Vocational Rehabilitation: A Resource for Employment

Vocational Rehabilitation: A Resource for Employment

VR - Vocational Rehabilitation Logo in blue letters

Finding a job as a young person after recently graduating from college is a major challenge.  Some know exactly where they will end up, some take time off to “find themselves”, and some dive head-first into the struggle of finding a job.  As a person with disabilities, this struggle oftentimes comes with additional challenges.  Fortunately, for those of us facing such challenges, there are many resources that can be used to assist in this endeavor. 

Vocational Rehabilitation (VR), operated by the Department of Education, can be utilized for their many tools to aid those with disabilities in the preparation for the job search, finding gainful employment, and maintaining this employment. In my own experience with VR and an On-the-Job Training (OJT) program, I was placed in a job position that was a great fit utilizing both my education and experience in Journalism and Digital Communications which ultimately led to an employment opportunity.

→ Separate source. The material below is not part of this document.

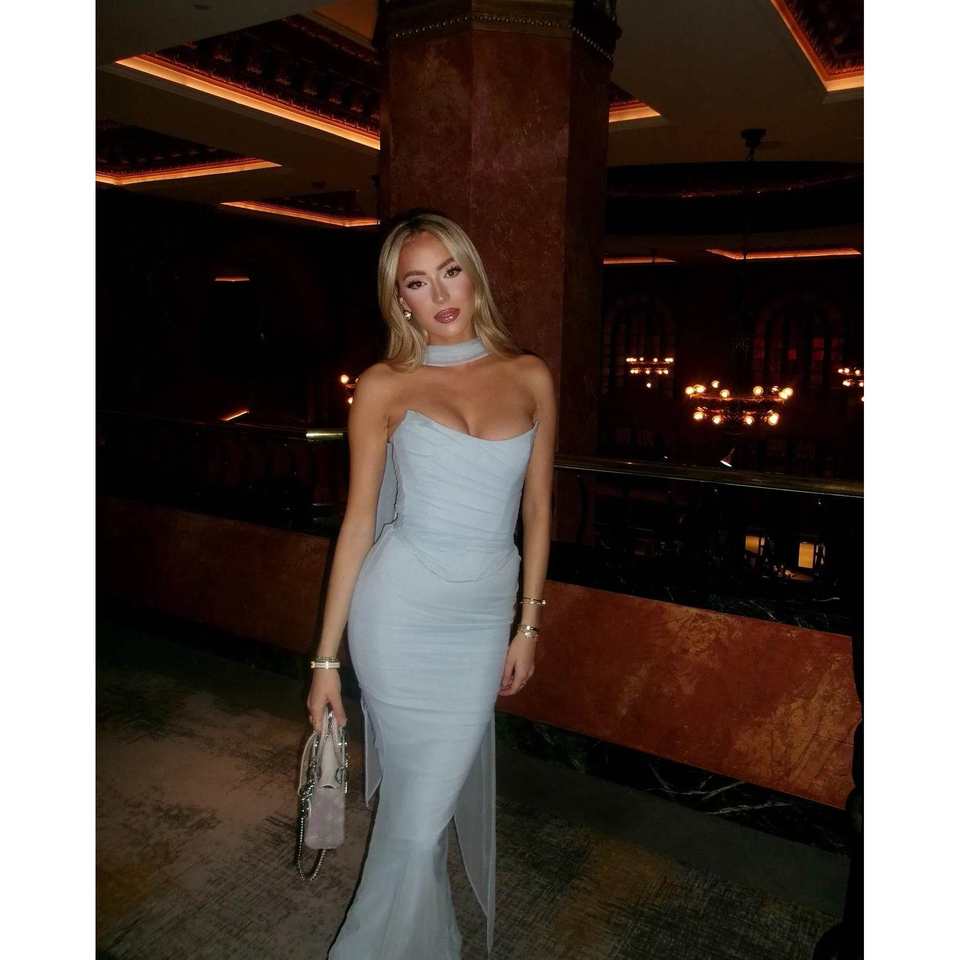 Oligai Elegant Women's XS Blue Cropped Top Set Strapless Bodycon Holiday Party Dress Sexy Maxi Wedding Guest Dress

Vocational Rehabilitation isn’t just for adults

Often people think of VR as a service for adults, however, it also offers resources for families starting at a much younger age.  This includes occupational and physical therapies, and daytime caregiving assistance, such as after-school care, specifically helping with school assignments and other scholastic activities.  I sometimes wish my family and I would have utilized the “personal supports” available as this would have relieved my mother of some of her daytime responsibilities.  The pressures on my family members can sometimes be a lot, for all of us, and VR resources could have aided in making the work load a little less heavy.  In some cases, VR an also assist with many purchases of necessary equipment including paying for vehicle modifications to transport a wheelchair, adaptive work-stations for schooling and employment, and many other services.  It is never too early in your child’s development to inquire about how services with Vocational Rehabilitation may be able to help you. 

As I grew into an adult, VR has been the most valuable tool that I have had to help me plan out my future career.

Finding the right fit – Assessments and Job Coaching          

My experiences began with an assessment of my skills and needs. This included an initial technology assessment.  This is done to determine what kind of technology and outside tools I could utilize to be a successful and efficient employee.  A representative came to my home and asked many questions about my capabilities and any difficulties I had when it came to fulfilling school assignments.  It was determined through this meeting that I would benefit from an iPad Pro.  I have difficulty with tracking and seeing small print, therefore this iPad provides me with a large surface to see, write, and review my work.  Another helpful feature of the iPad is the advanced voice recognition software which allows me to dictate and record my notes. This piece of equipment also required a new mounting system that allows for adjustable settings and for my workspace to be attached directly to my wheelchair system.  This technology assessment was the first stepping stone into the future that VR would be able to help me build.  It was clear that the representative had an idea of the next steps that I would be taking with VR because the iPad is now how I complete most all of my meetings and work.  The next steps would no longer be about the tools that I could use, but about honing the skills that I already have in conjunction with these new technological aids to find my future job.

The next step of the VR process was to find the preferred vendor of my choice to assist in the job coaching experience.  After several recommendations and phone calls, I chose a company called The Grow Group.  The Grow Group is a non-profit organization that offers a variety of employment services for people with disabilities.  Once VR placed the contract with Grow Group, they became my main contact.  Shortly after this decision, I underwent a vocational evaluation which helped to determine what sort of work I would be best suited for.  After several questionnaires and aptitude tests, I was placed with a job coach to begin the search.  We began this process by establishing goals and desired jobs that I would consider to be dream positions.  This was the baseline for where I wanted the direction of this process to head.  Some of our initial steps included creating a refined resume showing my education and experience, and updating social media platforms that assisted in the job search (i.e., LinkedIn, Indeed).  I then began applying for jobs and reaching out to companies that I was interested in working for.  I would present a potential employer with an On-the-job Training Program that is a four-way partnership between VR, The Grow Group, my prospective employer, and myself.  This partnership would provide funding from VR to the Grow Group who will in turn pay me to gain experience and training with the employer.  This program is typically short term (6-8 weeks) and the employer would not be responsible for my compensation, but instead be solely in charge of providing me with the opportunity of employment.  As a person with a disability, this opportunity is a huge chance for growth and discovery to determine my capabilities in relation to maintaining steady employment in the future.

Employment is the Goal!

Through the On-the-Job-Training-Program with the help of VR and The Grow Group, I was placed with the Cerebral Palsy Foundation’s digital team where I learned about and contributed to the operations of CPresource.org and their social media platform. This experience led to an employment opportunity with the foundation where I am now officially part of the team!

I sometimes wish my family and I would have utilized the “personal supports” available as this would have relieved my mother of some of her daytime responsibilities.  The pressures on my family members can sometimes be a lot, for all of us, and VR resources could have aided in making the work load a little less heavy.